308. Memorandum of Conversation0

SUBJECT

  • Cuban Revolutionary Council Spokesmen Stress Need for Military Action to Eliminate Castro Regime

PARTICIPATION

  • Jose Miro Cardona, Chairman, Cuban Revolutionary Council
  • Manuel Antonio de Varona, Cuban Revolutionary Council
  • Arturo Morales Carrion, Deputy Assistant Secretary of State for Inter-American Affairs
  • Robert A. Hurwitch, Deputy Director, Office of Caribbean and Mexican Affairs

During the course of two interviews, first with Mr. Hurwitch and later with both Mr. Morales and Mr. Hurwitch, Messrs. Miro and Varona stressed the need for military action as the only way to get rid of Castro and the threat of communism to the hemisphere. They said that now that the Meeting of Foreign Ministers was over, Cuban exiles were insistently raising the question as to what came next. According to Miro and Varona , neither the deteriorating economic situation, nor sabotage, nor commando raids, nor propaganda could succeed in overthrowing the Castro regime, and therefore the only possible solution was military, involving either U.S. forces, or U.S. plus Cuban forces, or Cuban forces supported by the U.S., or Cuban plus Latin American forces, or some combination of the above. They said that the exile community was becoming increasingly impatient over the need for action, and that if they could not get an encouraging reply from us, they would probably have to resign from the Council. They could not go on any longer promising and deluding the exiles, they said, unless they had some encouragement that there was some plan underway to help them along military lines.

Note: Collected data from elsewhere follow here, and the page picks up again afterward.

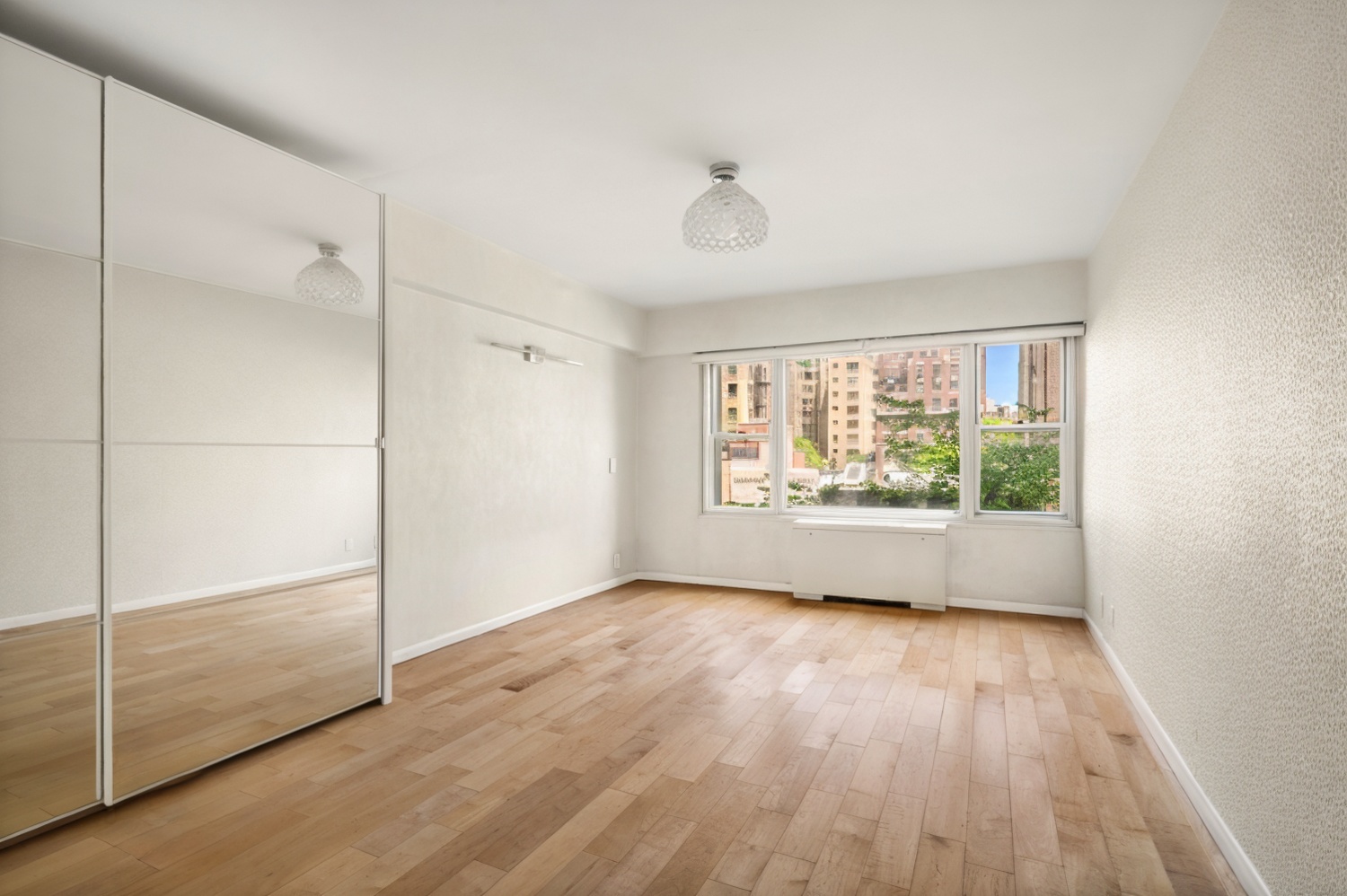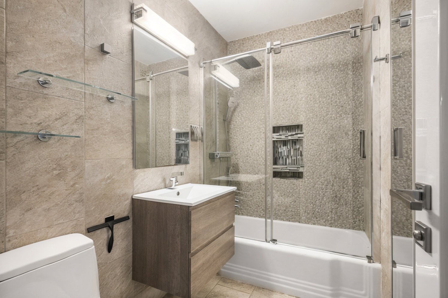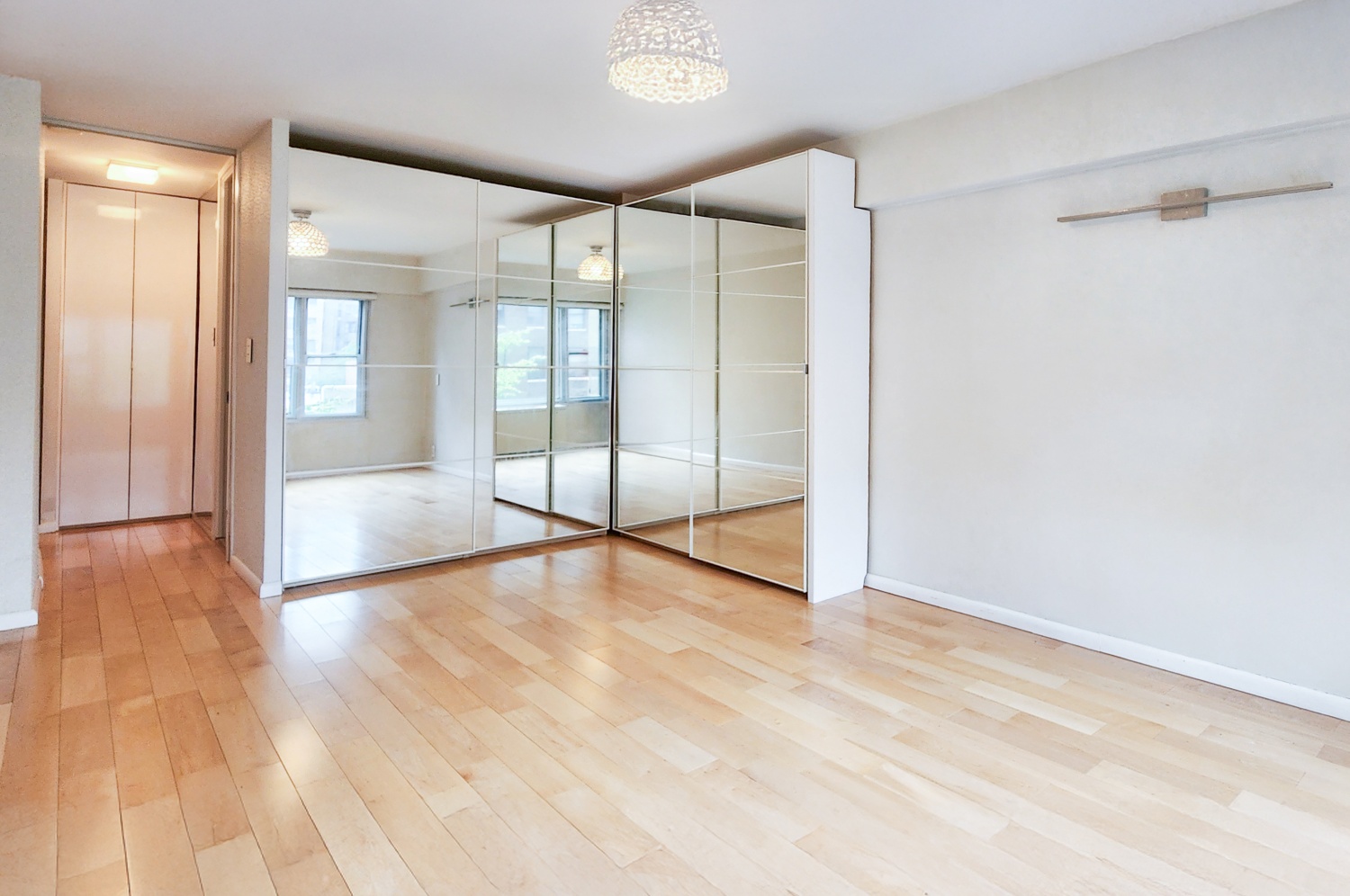 This space has just the right balance of mirrors, with opaque glass bathroom and bedroom doors. A must-see apartment.
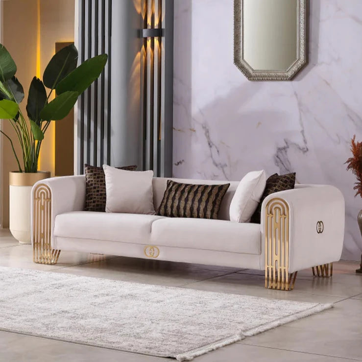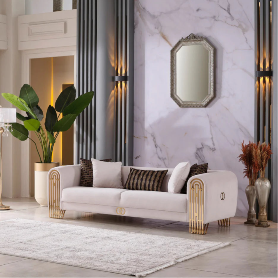 The Monaco sofa set elevates your home by merging aesthetic elegance and comfort. With its gold metal details, metal arm design, and quality materials, Monaco is designed to add value to your living space as a furniture set.
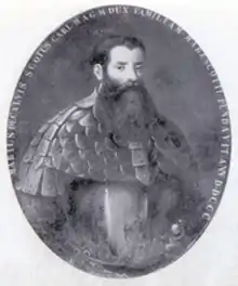 Bartolomeo Ruspoli was born in Florence in 1496. He formed a business partnerships with the Altoviti family, who were influential wool traders and bankers. In 1529 Bartolomeo travelled to Rome where he married Maria Ardinghelli niece of Cardinal Niccolò Ardinghelli, an influential member of the Farnese fraction and an intimate associate of Alessandro Farnese, future Pope Paul III. The Ruspoli were thus integrated into the Roman Curia and the papal court, and Bartolomeo's children, both sons and daughters, were all married into families of the Roman nobility: Muti, Cavalieri and Floridi.[2] In 1531 Bartolomeo Ruspoli was named Petitioner of the apostolic letters by Pope Clement VII. In 1535 he was made Prior of Florence.

Mr. Morales made the following points:

(1)
Action of the kind requested might bring on Soviet retaliation, either in Cuba or elsewhere in the world. Miro and Varona perhaps had not been giving sufficient attention to this serious Cold War aspect of the problem.
(2)
The results of Punta del Este, and the change which it revealed in the attitudes of Latin American governments toward the problem of Cuba since the 7th Meeting of Foreign Ministers in San Jose, Costa Rica, were reasons for moderate optimism. Several Latin American countries [Page 764] are very disturbed about the threat Castro poses for their survival. In time they may be willing to take stronger steps. Punta del Este was a way station, not the end of the line.
(3)
At the first Punta del Este meeting in August 1961 the Cubans were accepted and even popular to a degree. At the second meeting they were completely ostracized.
(4)
There was considerable respect for Miro at Punta del Este.
(5)
A look at the internal situation in Cuba indicates that things are not going well there. Economic failures and the ascension of Communists to key posts have probably met with the disapproval of the Cuban people.
(6)
The recent debate in the UN reveals that the Cuban regime is almost hysterical at the way things are going.
(7)
If the Castro regime were to disappear tomorrow, the Communist threat in Latin America would still exist.
(8)
The Council must continue working on hemispheric public opinion. They should stress the point that Castro is a star being eclipsed by the Communists.

  1. Source: Department of State, Central Files, 737.00/2-2762. Secret. Drafted by G.H. Summ (ARA/CMA) on March 13.